Puta merda, ele deveria ter conseguido mais de dez dias. Mas como ele ia saber que Caesar apareceria galopando pela porta no minuto em que os dez dias acabassem?!
O carro virou. Levou um instante, mas finalmente registrou que a estrada em que estavam era familiar.
Alarmes começaram a soar na cabeça de Won – Chapéu novo – repito, temos um chapéu novo!
Chapéu velho desaparecido!
(Chapéu velho/Chapéu Novo = Ele quer enfatizar sobre uma mudança de rotina com Caesar, um local diferente)
Este não era o mesmo encontro de sempre. Won entendeu que não podia sair parecendo um mendigo, mas não estava preparado para Caesar mudar completamente o roteiro.
Impondo-se diante deles, crescendo a cada segundo, estava a mansão de Caesar.
O mordomo os encontrou na porta. — Boa tarde, senhor. O banho foi…
O pobre homem engasgou, percebendo que eles haviam passado direto por ele. — Foi preparado, como o senhor pediu! — chamou ele, apressando-se para alcançá-los.
Quando Caesar havia pedido este banho? Won não tinha ideia, mas ele não podia se importar muito quando seus pés mal tocavam o chão porque Caesar praticamente o estava arrastando pelos corredores.
Logo, eles chegaram ao que aparentemente era a porta certa, porque Caesar fez uma volta brusca de noventa graus e abriu a porta, revelando um banheiro enorme equipado com uma banheira igualmente grandiosa na outra extremidade do quarto.

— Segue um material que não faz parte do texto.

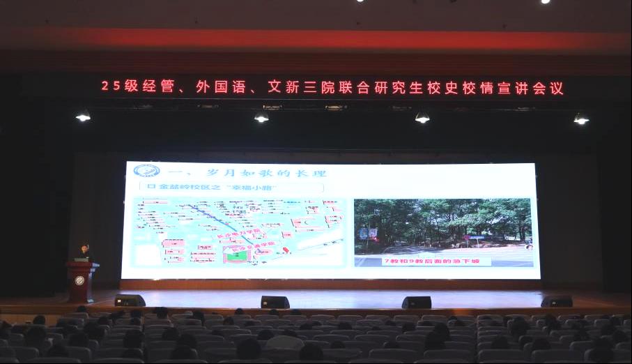 11月4日晚,经济与管理学院联合文学与新闻传播学院、外国语学院在金盆岭校区5号教学楼开展了2025级研究生新生入学教育系列活动——校史校情主题教育宣讲会,会议由MG冰球突破官网研究生宣讲团焦楚楚主讲。
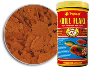 Najwyższej jakości, specjalnie wyselekcjonowane składniki z wysoką zawartością kryla antarktycznego (40%) tworzą wieloskładnikowe, smakowite płatki Krill Flake. To doskonale zbilansowany, wybarwiający pokarm z linii profesjonalnej przeznaczony do codziennego karmienia ryb wszystkożernych i mięsożernych, zwłaszcza wybrednych, które niechętnie przyjmują pokarmy gotowe. Wyjątkowe właściwości aminokwasów zawartych w krylu uatrakcyjniają smak pokarmu, natomiast białko, chityna i nienasycone kwasy tłuszczowe, w tym Omega-3 oraz odpowiednio dobrany zestaw witamin i mikroelementów wspomagają prawidłowy wzrost i rozwój, dostarczają odpowiednią dawkę energii, wzmacniają układ odpornościowy, wpływają na doskonałą kondycję ryb i ich zdolności rozrodcze. Natomiast duża zawartość naturalnych barwników, w tym dobrze przyswajalnej astaksantyny (136 mg/kg), intensyfikuje barwy ryb.

— Se houver algo que o senhor precise — o mordomo ofegou atrás deles com um aceno de cabeça; então apressou-se para fechar a porta, deixando Won sozinho com Caesar e uma banheira fumegante de água.
Caesar não perdeu tempo em despir Won de seu casaco, como se não suportasse mais a visão dele mas ver Won ali parado apenas com seus chinelos maltrapilhos não pareceu melhorar as coisas.
— Você saiu assim? — A expressão no rosto de Caesar era quase engraçada, como se ele tivesse algo com um cheiro desagradável forçado sob seu nariz, mas sua voz gotejava malícia.
Won fechou os olhos e soltou um suspiro cansado. Houvera um momento fugaz de esperança, esperança de que ele pudesse tomar banho, relaxar e apenas respirar…
— Eu não sabia que haveria fila — explicou ele, cansado.
A testa de Caesar franziu. — Venha aqui, da próxima vez.
Estava quieto, mas Won podia ouvir o comando em sua voz. Não era um pedido.
A essa altura, ele já sabia que Caesar estaria postando capangas ao redor da pensão vinte e quatro horas por dia, sete dias por semana, apenas para informá-lo sobre o estado dos canos, mas Won optou por ignorar essa inevitabilidade por enquanto e aproveitar ao máximo os acessórios sofisticados de Caesar enquanto estivesse preso ali.
E este banheiro era muito bom. Mesmo para alguém tão ‘inculto’ quanto Won, esbarrar os cotovelos com seus vizinhos em um chuveiro comunitário não se comparava aos acessórios luxuosos e ao piso de mármore diante dele.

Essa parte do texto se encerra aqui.